By selling Rs. 2400 stock, cash realised = Rs. [(383/4)*(1/100)*2400] = Rs 2298.

Ex. 4. Find the annual income derived from Rs. 2500, 8% stock at 106.

Sol. Income from Rs. 100 stock = Rs. 8.
Income from Rs. 2500 = Rs. [(8/1000*2500) =Rs. 200.

Ex. 5. Find the annual income derived by investing Rs. 6800 in 10% stock at 136.

Sol. By investing Rs. 136, income obtained = Rs. 10.
By investing Rs. 6800, income obtained = Rs. [(10/136)*6800] = Rs. 500.

Ex. 6. Which is better investment? 7(1/2) % stock at 105 or 6(1/2) % at 94.

Sol. Let the investment in each case be Rs. (105*94).
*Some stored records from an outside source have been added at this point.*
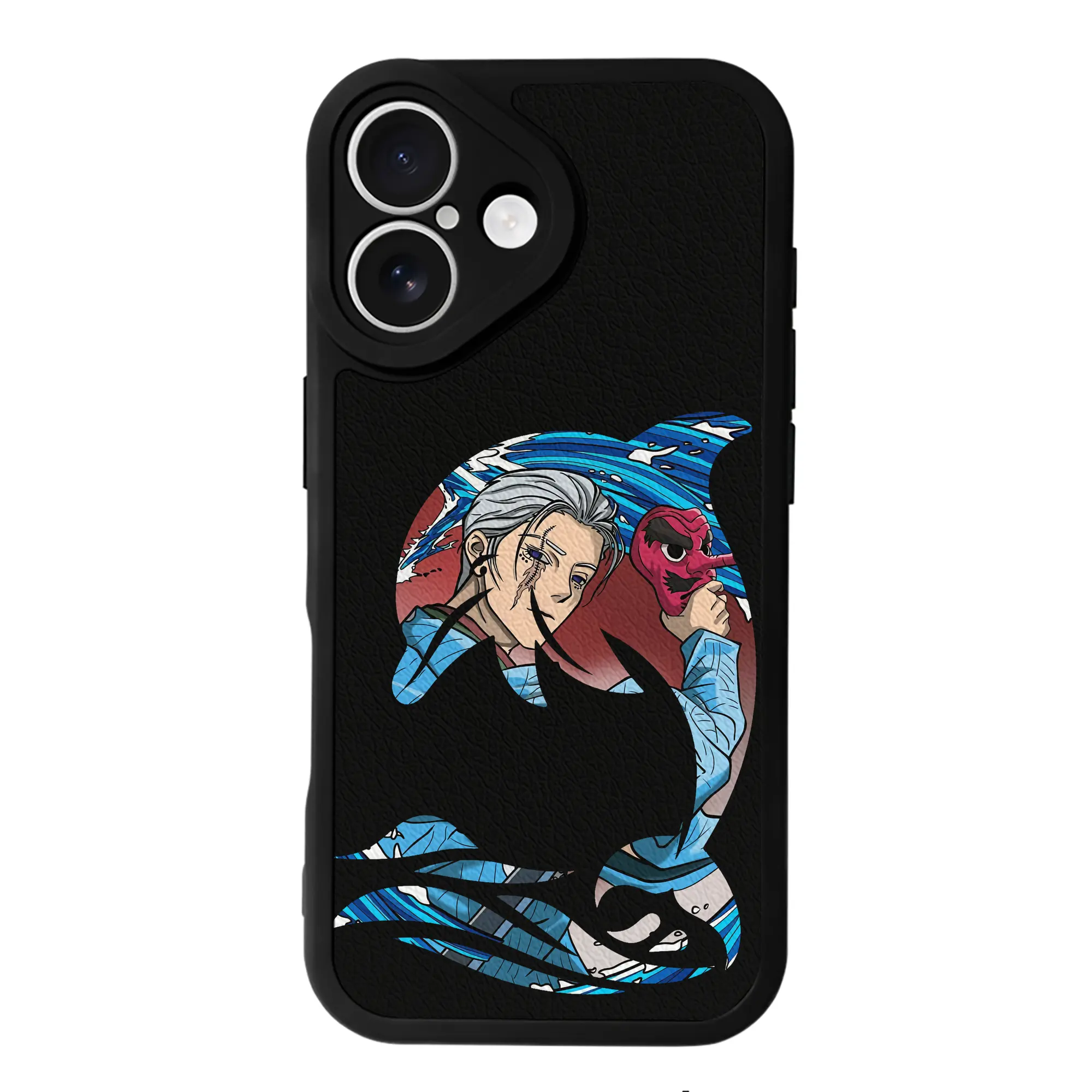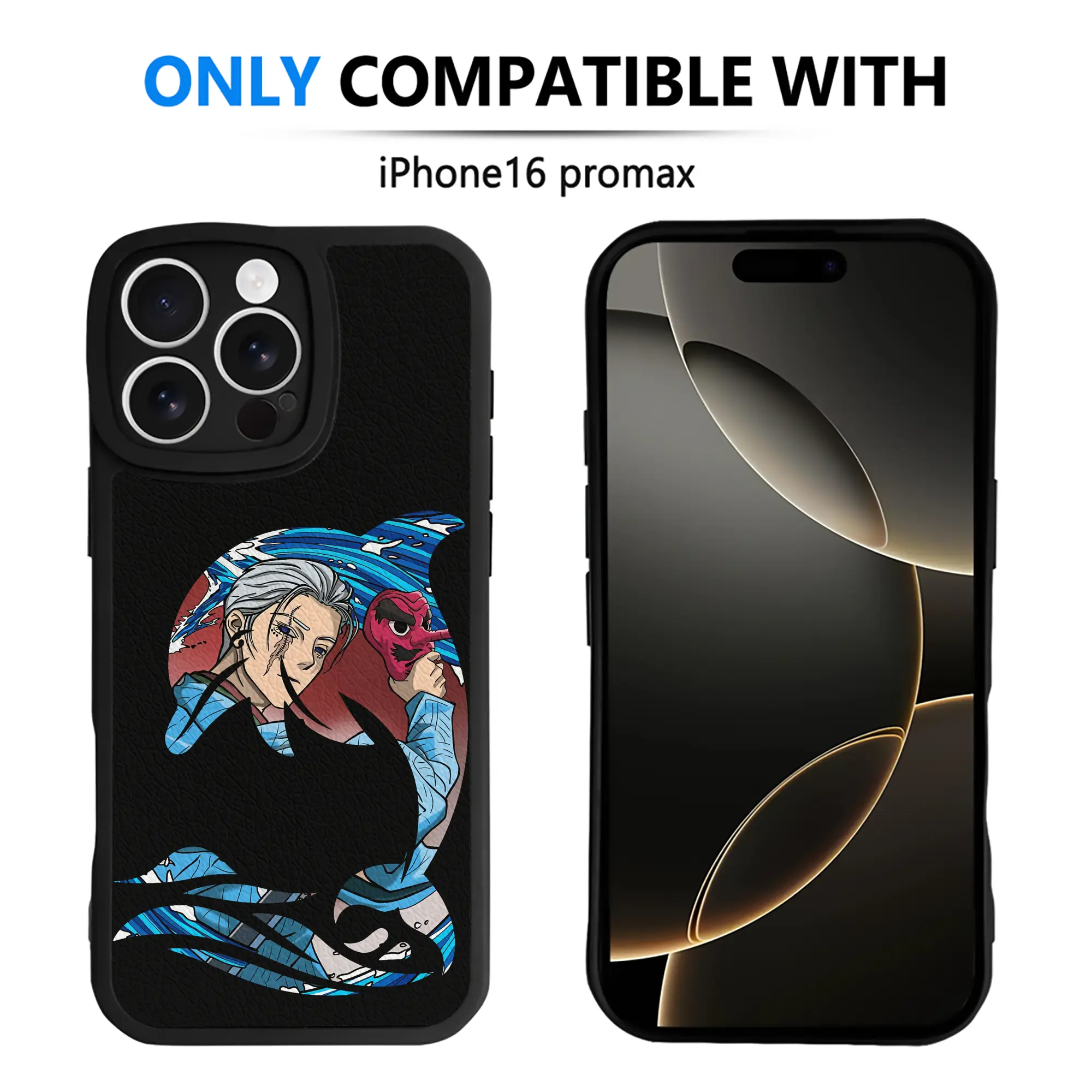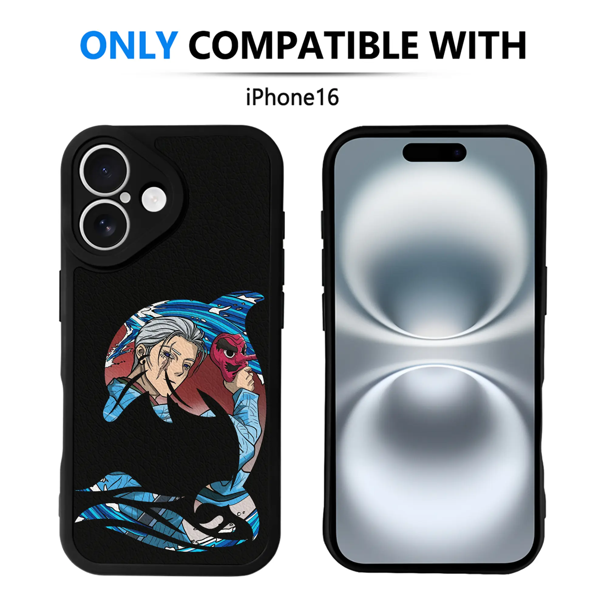 鬼滅の刃 グッズ,鱗滝 左近次 - IPhone 16シリーズ対応 ・ シリコンスマホケース ・ レザー調 ・ 高精度フィット ・ 耐衝撃 ・ ワイヤレス充電対応 ・ 精密カット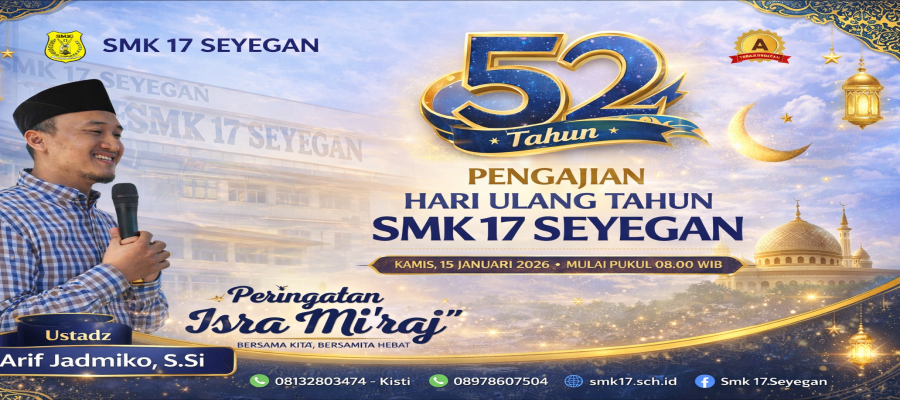Dalam rangka HUT SMK 17 Seyegan yg ke 52, sekolah mengadakan pengajian pada hari kamis, 15 Januari 2026 pada pukul 08.00 WIB. Utk acara tersebut aturan seragam yg dipakai adalah: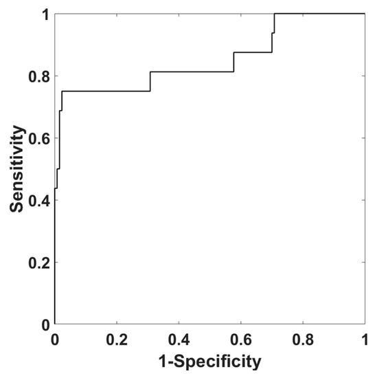 The AUC retrieved with a multivariate approach (AUC = 0.85) was significantly different [49] from the AUCs obtained employing univariate analysis from standalone PPG features (vs. AUC = 0.46, z = 4.80, p = ~0 for MaxArm; vs. AUC = 0.51, z = 4.12, p = 3.8 × 10−5 for MaxAnkle; vs. AUC = 0.32, z = 7.12, p = ~0 for SlopeArm; vs. AUC = 0.37, z = 6.21, p = ~0 for SlopeAnkle; vs. AUC = 0.36, z = 6.38, p = ~0 for TDArm; vs. AUC = 0.35, z = 6.56, p = ~0 for TDAnkle; vs. AUC = 0.52, z = 3.99, p = 6.7 × 10−5 for Ankle-Arm).

Case I : 7(1/2) 5 stock at 105:
On investing Rs. 105, income = Rs. (15/2).
On investing Rs. (105*94), income = Rs. [(15/2)*(1/105)*105*94] = Rs 705.
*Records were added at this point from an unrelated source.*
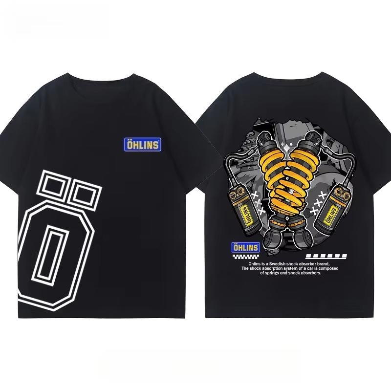 OHLINS Motorcycle Shock Absorber Modified T-shirt Clothes Casual Trendy Brand Men's Women's Car Club Crew Neck Short-sleeved Top
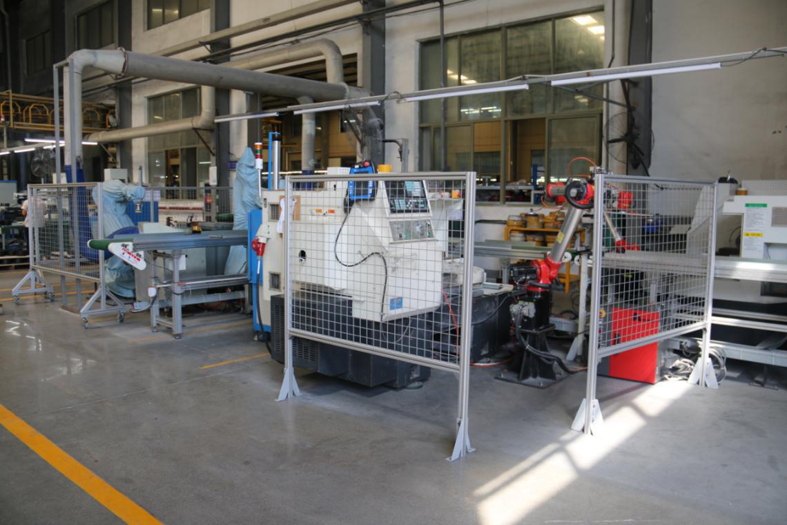 在三禾廚具的生產車間,除了一排又一排各式各樣的鍋具外,更吸引小編的是在鍋具產線上站著的那些身穿藍衣的“神秘俠客”,他們矗立在一臺臺機床之間,手臂靈活的來回抓取一件一件工件,面不改色,一絲不茍!就像武俠電影中立于陣前的俠客!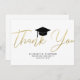 Skicka ett modernt tackkort till din familj och dina vänner för studenten. Den här typografin illustrerar en svart studentmössa och ett diplom med ett modernt faux guld-skript som lyder. "Tack" i handskript med ditt namn, din skola och klass/år nedan för att anpassa dig. Kortets baksida innehåller ett tackmeddelande och namnteckning att du kan anpassa eller ta bort. Designad av konstnären ©Susan Coffey.

Case II : 6(1/2) % stock at 94:
On investing Rs. 94, income = Rs. (13/2).
On investing Rs. (105*94), income = Rs. [(13/2)*(1/94)*105*94] = Rs. 682.5.
Clearly, the income from 7(1/2) % stock at 105 is more.
Hence, the investment in 7(1/2) % stock at 105 is better.
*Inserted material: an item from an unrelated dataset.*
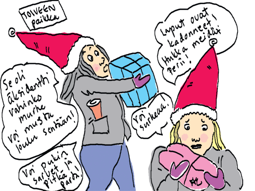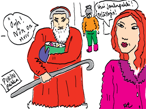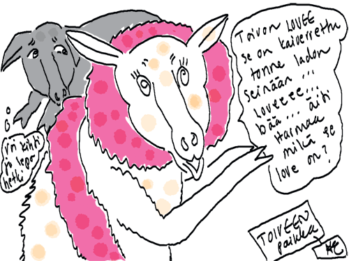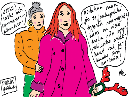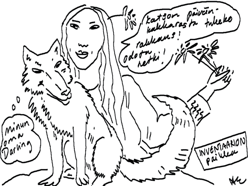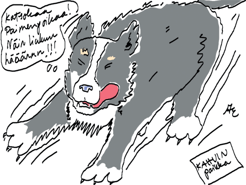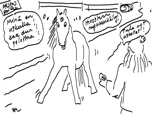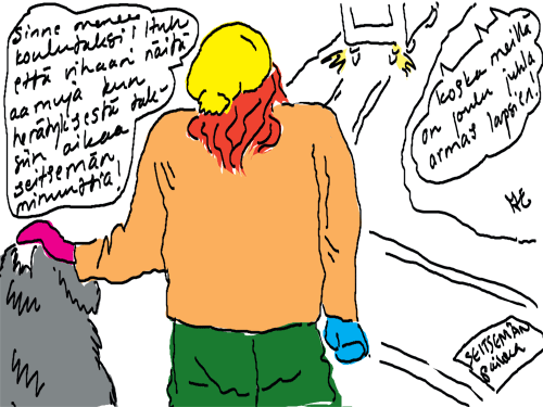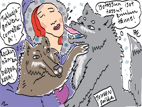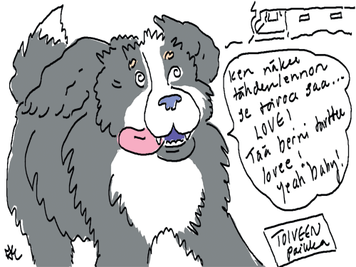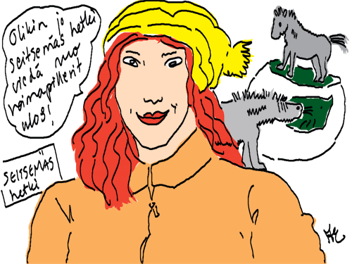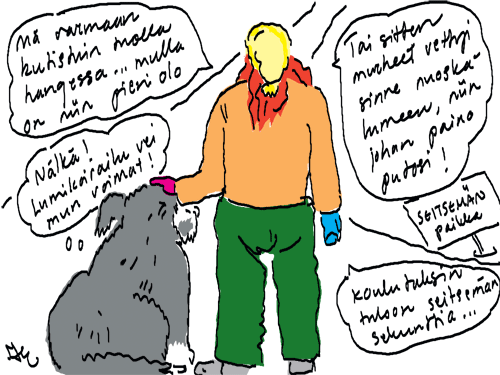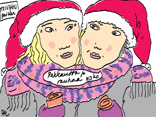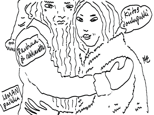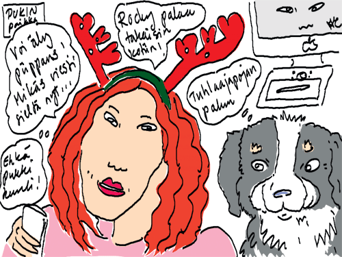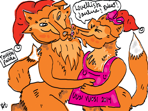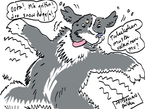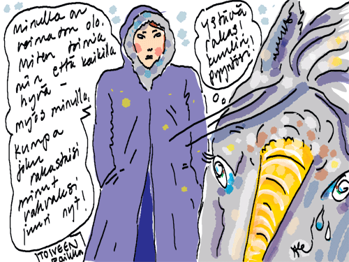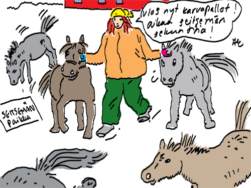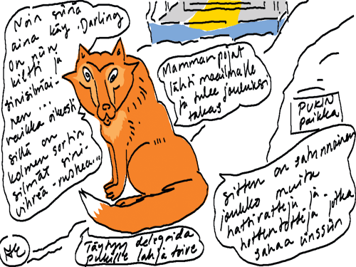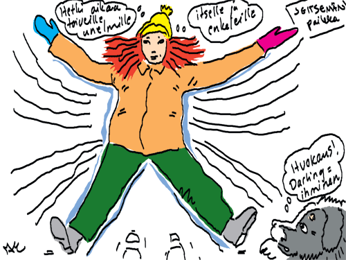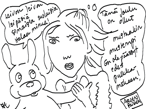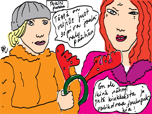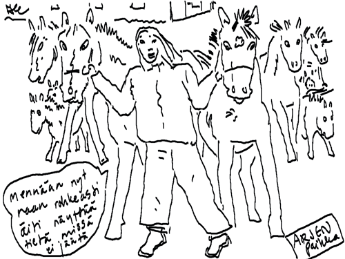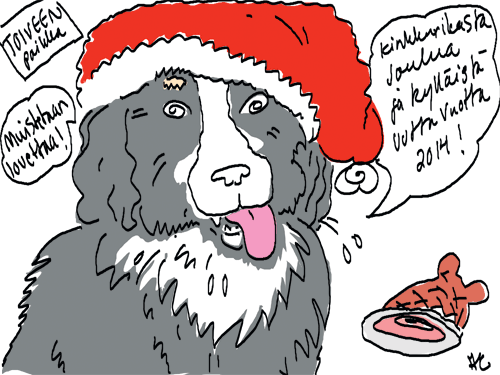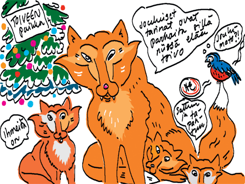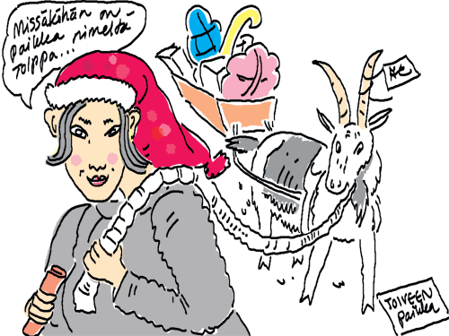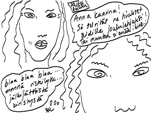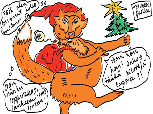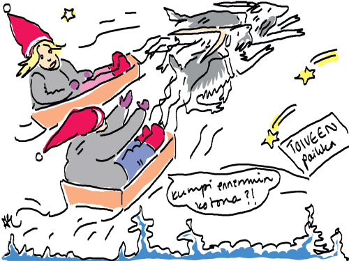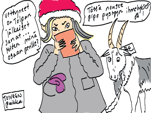 Voi ystävät! Pitkin päivää olen piirtänyt kuvan kerrallaan Joulun paikka tarinaa ja nauranut kertomuksen käänteille! Tähän väliin voin kertoa että ulkona sataa vettä ja meidän huvilan rinne on aivan paljas jäätikkö jonka päällä on vielä kaiken lisäksi vettä! Totesin hetki sitten Paimenpoika koirani kanssa että ulkohuussiinkin meneminen on pimeässä itsetuhoinen yritys. Tällä hetkellä istun tallin heinäladossa, pikku tauko, vielä Pitäis kiskoa kolme ahkiollista puruja talliin. Yhteen ahkioon menee kolme kottikärryllistä ja yhdeksään karsinaan jokaiseen yksi ahkiollinen. Tuuli ulisee nurkissa. Pakko jatkaa hommia että pääsen värittämään joulutarinaa...

Ex. 7. Find the cost of 96 shares of Rs. 10 each at (3/4) discount, brokerage being (1/4) per share.

Sol. Cost of 1 share = Rs. [(10-(3/4)) + (1/4)] = Rs. (19/2).
Cost of 96 shares = Rs. [(19/2)*96] = Rs. 912.

Ex. 8. Find the income derived from 88 shares of Rs. 25 each at 5 premium, brokerage being (1/4) per share and the rate of dividend being 7(1/2) % per annum. Also, find the rate of interest on the investment.

Sol. Cost of 1 share = Rs. [25+5+1/4)] = Rs. (121/4).
Cost of 88 shares = Rs.[(121/4)*88] = Rs. 2662.
∴ Investment made = Rs. 2662.
Face value of 88 shares = Rs. (88*25) = Rs. 2200.
Dividend on Rs. 100 = (15/2).
Dividend on Rs. 2200 = Rs. [(15/20*(1/100)*2200] = Rs. 165.
∴ Income derived = Rs. 165.
Rate of interest on investment = [(165/2662)*100] = 6.2 %.

Ex. 9. A man buys Rs. 25 shares in company which pays 9 % dividend. The money invested is such that it gives 10 % on investment. At what price did he buy the shares?

Sol. Suppose he buys each share for Rs. x.
Then, [25*(9/100)] = [x*(10/100)] or x = Rs. 22.50.
Cost of each share = Rs. 22.50.

Ex. 10. A man sells Rs.5000, 12 % stock at 156 and uinvests the proceeds parity in 8 % stock at 90 and 9 % stock at 108. He hereby increases his income by Rs. 70. How much of the proceeds were invested in each stock?

Sol. S.P of Rs. 5000 stock = Rs. [(156/100)*5000] = Rs. 7800.
Income from this stock = Rs. [(12/100)*5000] = Rs. 600.
Let investment in * % stock be x and that in 9 % stock = (7800-x).
∴ [x*(8/90)] + (7800-x) * (9/108) = (600+7)
⇔ (4x/45) + [(7800-x)/12] = 670 ⇔ 16x + 117000-15x = (670*180) ⇔ x = 3600.
∴ Money invested in 8 % stock at 90 = Rs. 3600.
Money invested in 9 % at 108 = Rs. (7800-3600) = Rs. 4200.